Stefano Di Giovacchino,Desmond J. Higham,Konstantinos Zygalakis
Abstract:Stochastic optimization methods have been hugely successful in making large-scale optimization problems feasible when computing the full gradient is computationally prohibitive. Using the theory of modified equations for numerical integrators, we propose a class of stochastic differential equations that approximate the dynamics of general stochastic optimization methods more closely than the original gradient flow. Analyzing a modified stochastic differential equation can reveal qualitative insights about the associated optimization method.
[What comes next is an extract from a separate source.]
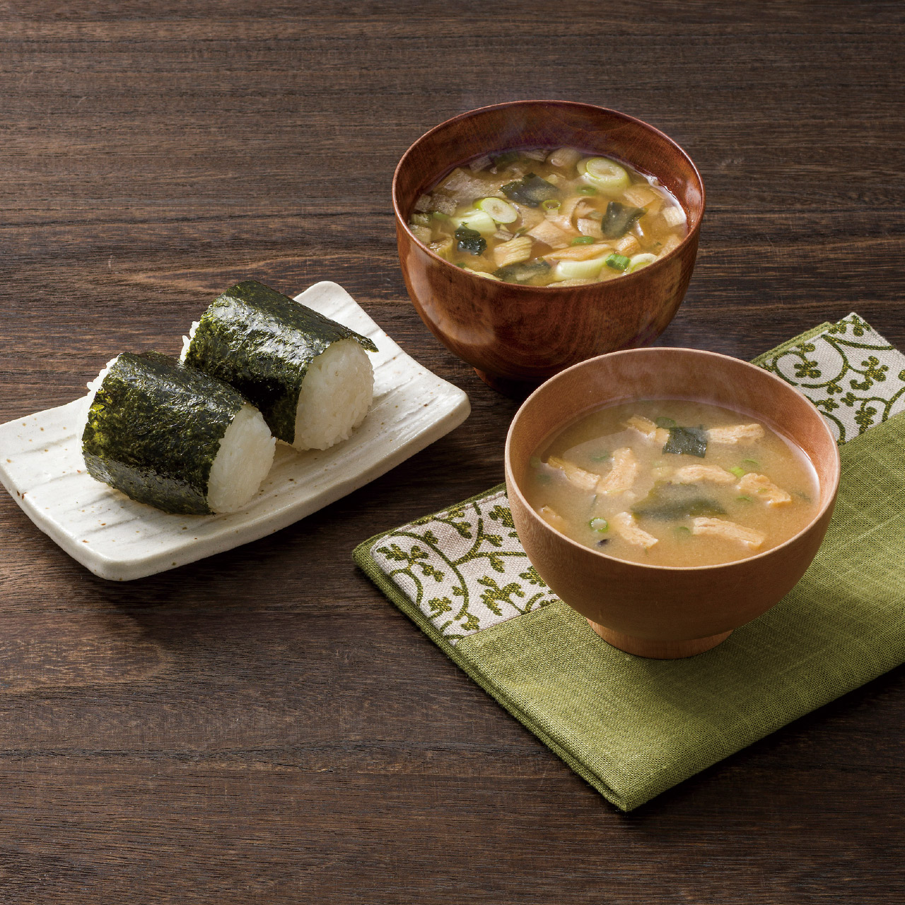 お湯を注ぐだけでできる本格的なお味噌汁に、和の食材、調味料をセット。

Here, we study mean-square stability of the modified equation in the case of stochastic coordinate descent.
What problem does this paper attempt to address?
This paper aims to solve the computational efficiency problem in large - scale optimization problems, especially in cases where computing the full gradient is computationally infeasible. Specifically, by using the modified equation theory of numerical integrators, the paper proposes a class of stochastic differential equations (SDEs), which describe the dynamic behavior of general stochastic optimization methods more accurately than the original gradient flow. Through the analysis of the modified stochastic differential equations, the qualitative characteristics of the relevant optimization methods can be revealed.
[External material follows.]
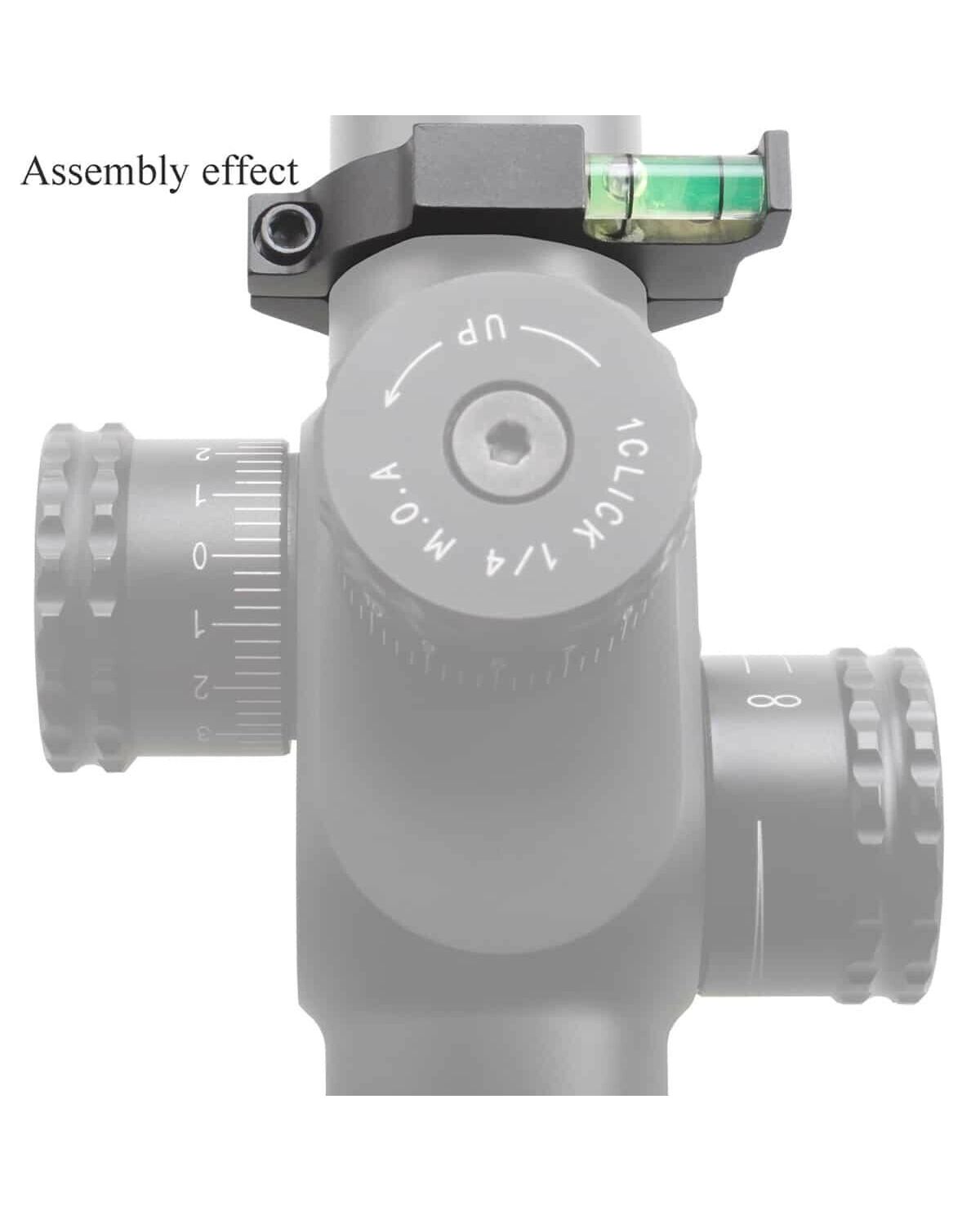 Кольцо с пузырьковым уровнем диаметром 25,4 мм простое в использовании, предназначено для настоящего огнестрельного оружия. Цельнометаллическое кольцо изготовлено из алюминиевого сплава, легкое (всего 12 г) и компактное.

### Main contributions of the paper:
1. **Proposition 4.3**: A modified SDE suitable for general stochastic optimization iterations is proposed.
2. **Theorem 4.8**: Conditions are given to ensure the mean - square stable convergence of the stochastic coordinate descent method to the minimum.
### Paper structure:
- **Part 1**: Introduction, which introduces the research background and purpose.
- **Part 2**: Preliminary knowledge, which introduces the application of modified equations in ordinary differential equations (ODEs) and stochastic differential equations (SDEs).
- **Part 3**: Discusses the main ideas of stochastic optimization methods, and focuses on two cases: stochastic gradient descent and stochastic coordinate descent.
- **Part 4**: Presents the main results, including the modified SDE suitable for general stochastic optimization iterations and the mean - square stability conditions of the stochastic coordinate descent method.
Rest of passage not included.